**INFORMATION SUPPLIED:**
━━━━━━━━━━━━━━━━━━━━━━━━━━━━━━
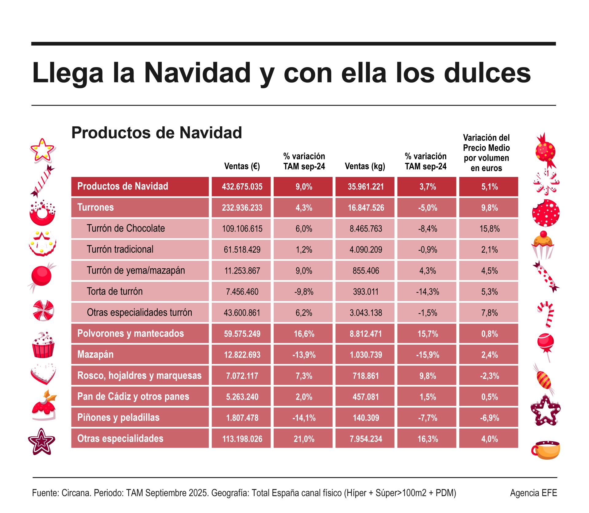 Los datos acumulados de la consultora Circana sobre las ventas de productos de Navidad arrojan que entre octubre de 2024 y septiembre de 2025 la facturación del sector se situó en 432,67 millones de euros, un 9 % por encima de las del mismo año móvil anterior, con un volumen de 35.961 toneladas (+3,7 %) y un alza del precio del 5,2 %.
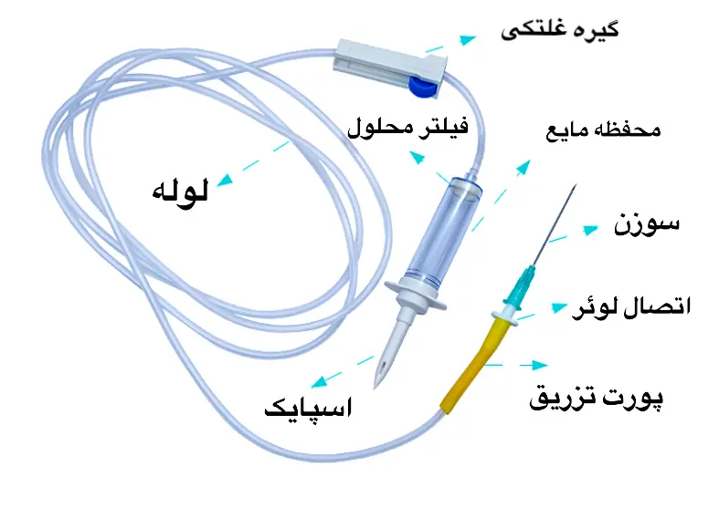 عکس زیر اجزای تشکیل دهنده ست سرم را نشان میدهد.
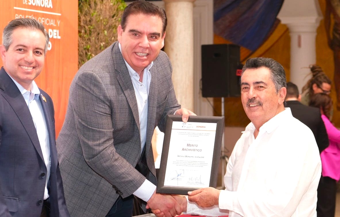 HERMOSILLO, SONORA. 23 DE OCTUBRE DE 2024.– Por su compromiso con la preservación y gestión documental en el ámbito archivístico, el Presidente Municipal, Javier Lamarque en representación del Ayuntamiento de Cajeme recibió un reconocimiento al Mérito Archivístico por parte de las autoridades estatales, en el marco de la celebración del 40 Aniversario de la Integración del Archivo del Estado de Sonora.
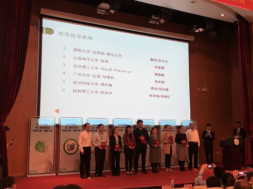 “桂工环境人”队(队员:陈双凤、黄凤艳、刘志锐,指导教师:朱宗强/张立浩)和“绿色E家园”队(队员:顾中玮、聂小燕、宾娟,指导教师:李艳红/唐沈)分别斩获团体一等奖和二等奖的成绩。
━━━━━━━━━━━━━━━━━━━━━━━━━━━━━━
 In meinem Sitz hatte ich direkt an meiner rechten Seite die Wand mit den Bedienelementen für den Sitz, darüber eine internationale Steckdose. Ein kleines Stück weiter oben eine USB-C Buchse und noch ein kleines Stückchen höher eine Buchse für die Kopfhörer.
━━━━━━━━━━━━━━━━━━━━━━━━━━━━━━
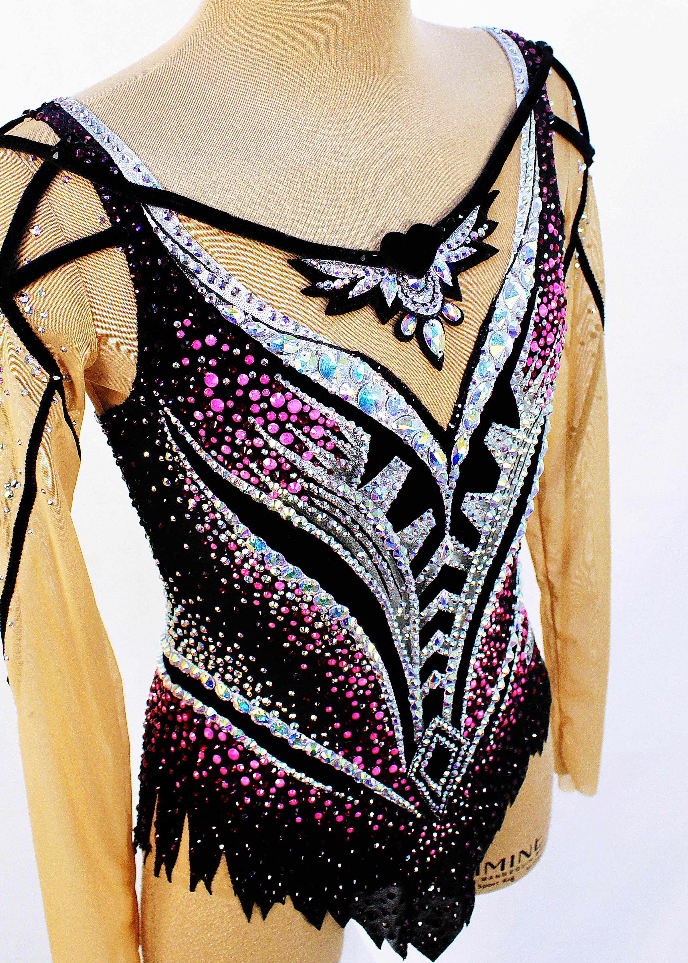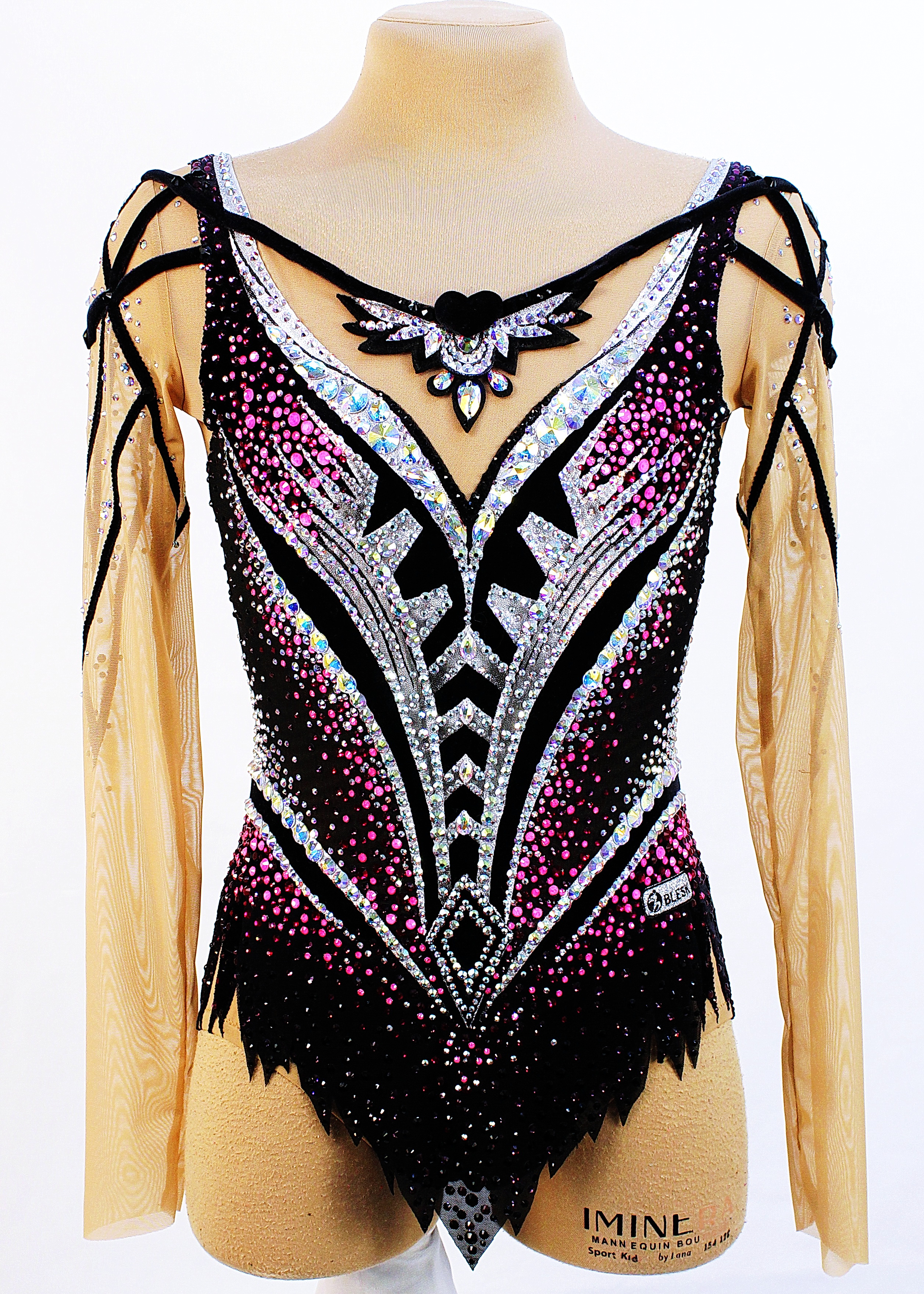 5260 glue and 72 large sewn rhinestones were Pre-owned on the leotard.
━━━━━━━━━━━━━━━━━━━━━━━━━━━━━━
**WHAT IS NEEDED:**
Above are the records. Copy word for word only their lines from the one holding "Los datos acumulados" through the one holding "HERMOSILLO, SONORA. 23", both included, and skip the images.

**THE ANSWER:**
 Los datos acumulados de la consultora Circana sobre las ventas de productos de Navidad arrojan que entre octubre de 2024 y septiembre de 2025 la facturación del sector se situó en 432,67 millones de euros, un 9 % por encima de las del mismo año móvil anterior, con un volumen de 35.961 toneladas (+3,7 %) y un alza del precio del 5,2 %.
 عکس زیر اجزای تشکیل دهنده ست سرم را نشان میدهد.
 HERMOSILLO, SONORA. 23 DE OCTUBRE DE 2024.– Por su compromiso con la preservación y gestión documental en el ámbito archivístico, el Presidente Municipal, Javier Lamarque en representación del Ayuntamiento de Cajeme recibió un reconocimiento al Mérito Archivístico por parte de las autoridades estatales, en el marco de la celebración del 40 Aniversario de la Integración del Archivo del Estado de Sonora.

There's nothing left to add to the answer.